Mrs. Ahmed said “this is based on a commitment that we signed into as a country, where we have several guarantees to the Generation Companies (GenCos) to bridge any gap that they have after the Nigerian Bulk Electricity Trading Plc (NBET) has settled them.”
According to her, the CBN assurance facility that was approved on Monday is to pay the GENCOs for any financing shortfall that they have after the bulk trader NBET settles them.
“So it is a cost on government, it is loan, government will be paying it back to the CBN. The essence is to meet the contract obligations that government signed with the Gencos on the assurance we gave them on off taking any power that they generate after payment is made from the NBET,” she added.

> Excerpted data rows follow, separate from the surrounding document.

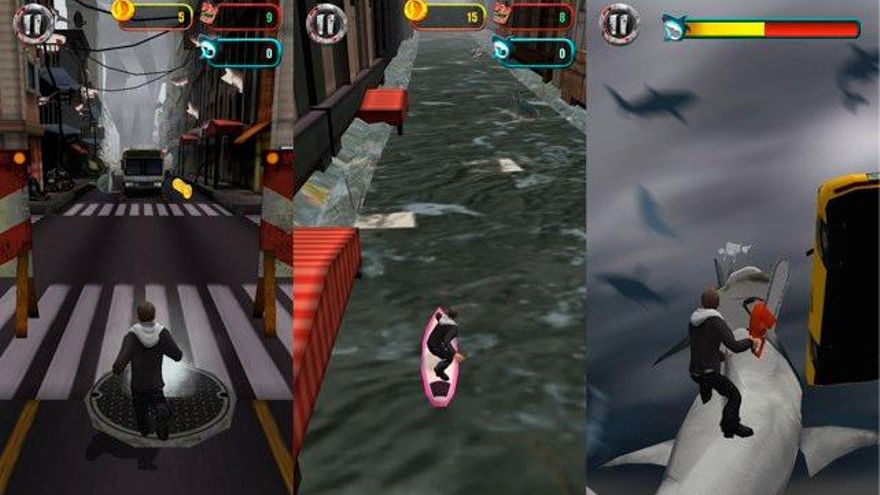 Todo aquel que haya jugado a títulos como Temple Run sabrá de qué va la cosa. Básicamente nuestro personaje corre sin parar y con un gesto sobre la pantalla haremos que cambie de carril para evitar que choque con los diferentes obstáculos de la pista, en este caso señales de tráfico, autobuses y, cómo no, tiburones puestos de cualquier manera en mitad de la carretera pegando bocanadas al aire. Así nivel tras nivel hasta el final de los tiempos por lo que vienen a ser 2,69 euros que deberíamos haber invertido en cualquier otra cosa más útil, como un pisapapeles, un bonito imán para nuestra nevera o una navaja de Albacete con la que abrirnos el tórax mientras jugamos a ‘esto’.
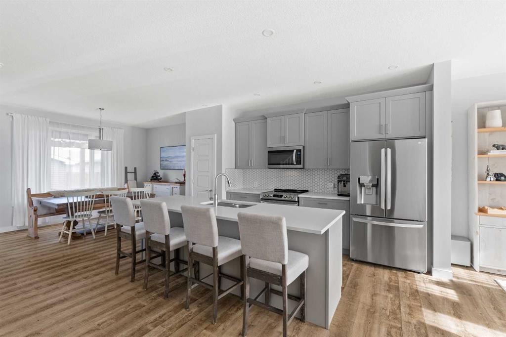 A pristine original-owner home in the heart of Chelsea, Chestermere - showcasing true pride of ownership and presenting as close to new as it gets. With nearly 1,650 sq. ft. of thoughtfully designed living space, this is the ideal family home offering 3 bedrooms, 2.5 bathrooms, a fully landscaped yard, a private double detached garage, and an undeveloped basement with rough-ins ready for your future vision. The open-concept main level is anchored by a stunning central kitchen, creating the perfect flow for both everyday living and entertaining. Finished with timeless light grey shaker cabinetry, an oversized quartz island, and a full suite of upgraded stainless-steel appliances, this kitchen is as functional as it is beautiful. A south-facing front great room is bathed in natural light through a wall of windows, while the expansive ~14\' x 10\' dining area at the rear comfortably accommodates any dining setup and overlooks the private backyard. A convenient powder room and large closets at both the front and back entrances complete the main level. On the upper level, the impressive ~14\' x 12\' primary suite easily fits a king-sized bed and additional furniture. It’s complete with a luxurious 5-piece ensuite featuring dual sinks, a soaker tub, a walk-in shower, and a generous walk-in closet with space for two. Two comfortable secondary bedrooms sit at the opposite end of the home, separated by a large main bathroom and an upper-level laundry room - an ideal layout for privacy and practicality. Outside, the property is fully landscaped, fenced, and completely move-in ready - saving you the time and cost typically associated with new construction. Enjoy multiple outdoor living spaces, including a charming full-width covered front porch to capture the south sun, and a large rear deck with gas line and pergola overlooking the private yard. The double detached garage provides secure parking and extra storage year-round - an especially appreciated benefit during the winter. Perfectly positioned within walking distance to parks, schools, and local amenities, while still only a quick drive to Calgary, this home delivers convenience, comfort, and exceptional value in the vibrant community of Chelsea in Chestermere. A truly move-in-ready home that combines thoughtful design, modern finishes, and unbeatable location - this is one you won’t want to miss.
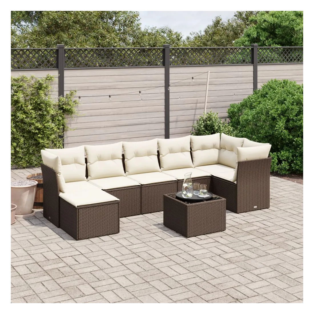 Cet ensemble de canapés de jardin est le complément parfait de votre arrière-cour, terrasse ou patio, offrant un espace confortable et accueillant pour discuter avec la famille et les amis ou simplement se détendre et profiter de l'extérieur. Matériau durable : la résine tressée, également connue sous le nom de poly rotin, est un matériau synthétique solide et nécessitant peu d'entretien qui ressemble au rotin naturel. Il est léger, facile à nettoyer et couramment utilisé pour les meubles d'extérieur en raison de sa durabilité et de ses propriétés de résistance aux intempéries.Dessus en verre : le dessus de la table d'extérieur est fabriqué en verre trempé solide et durable, ce qui le rend facile à nettoyer avec un chiffon humide et ajoute une touche d'élégance à votre espace extérieur.Housse amovible et lavable : ces coussins de siège sont dotés de housses amovibles pour un lavage et un entretien faciles.Cadre robuste et stable : le cadre en acier enduit de poudre assure la solidité et la stabilité du meuble de jardin pour une utilisation quotidienne à l'extérieur.Conception modulaire : cet ensemble de meubles d'extérieur a une conception modulaire, ce qui le rend complètement flexible et facile à déplacer, afin que vous puissiez créer un agencement de meubles d'extérieur personnalisé. Bon à savoir :Pour que vos meubles d'extérieur restent beaux, nous vous recommandons de les protéger avec une housse imperméable.

The 4th Tranche of the disbursement, which is under the N213bn Nigerian Electricity Market Stabilisation Facility (NEMSF), was made in 2016.
The Federal Government had also signed power purchase agreements by the Nigerian Bulk Electricity Trader (NBET) to signal activation of industry contracts for power generation under a contract based market.
The Finance minister also disclosed that FEC approved a new import levy for sustainable financing of Nigeria’s membership subscription in the African Union (AU).
Nigeria, she said, would base a rate of 0.2 percent as the new import levy on Cost, Insurance and Freight, CIF, that will be charged on imports coming into Nigeria from AU countries.
According to the Finance minister, there are some exceptions on goods originating outside the territory of member countries.
“The federal executive council meeting approved a new import levy for sustainable financing of Nigeria’s membership subscription in the African Union. It approved a rate of 0.2 percent as a new import levy on Cost, Insurance, and Freight (CIF) that will be charged on imports coming into Nigeria but with some exceptions.
“The exceptions include goods originating from outside the territory of member countries that are coming into the country for consumptions.
“It also includes goods that are coming in for aid and also it includes goods that are originating from non-member countries but are imported through specific financing agreements that ask for such kinds of exemptions.
It also exempts goods that have been ordered and are under importation process before the scheme was announced into effect.”
She further explained that “the purpose of this new levy is to enable the African Union member countries pay on a sustainable basis their subscriptions to African Union”.
The minister said: “So what we are trying to do in Nigeria is to domesticate and implement this decision that was taken in Kigali on the 27th Assembly of the Heads of State and Government of African Union meetings.
“The decision council took today is that we will open a central bank account for that particular purpose so all the funds collected by the Nigerian customs will be pooled into that account.
“And when the AU raises a subscription invoice, we will settle from that account and whatever is left, we can use it also to settle our subscriptions to other multilateral institutions and if there is anything left, the balance is used to finance the budget.
“The council also approved that for Nigeria knowing that what will accrue from this new levy will be more than what is required as subscriptions to the African Union, that the balance that will be left will be ring first and put in a special account in the Central Bank of Nigeria and will be used to finance her subscriptions to multilateral organizations as the World Bank, African Development Bank, Islamic Development Bank and institutions like that.
“And if there is any excess left from that in the revenue pool, it will be used to finance the budget.”
Continuing, Mrs. Ahmed said: “The second approval was the setting up of the steering committee to be chaired by the Vice President for the design and implementation of a national single window.
“The national single window is a web portal that would be able to integrate all the government agencies that are operators and implementers in the port business or trading in the port system.
“The trading platform will enable better efficiency of port operations and we project that it will significantly increase government revenues.”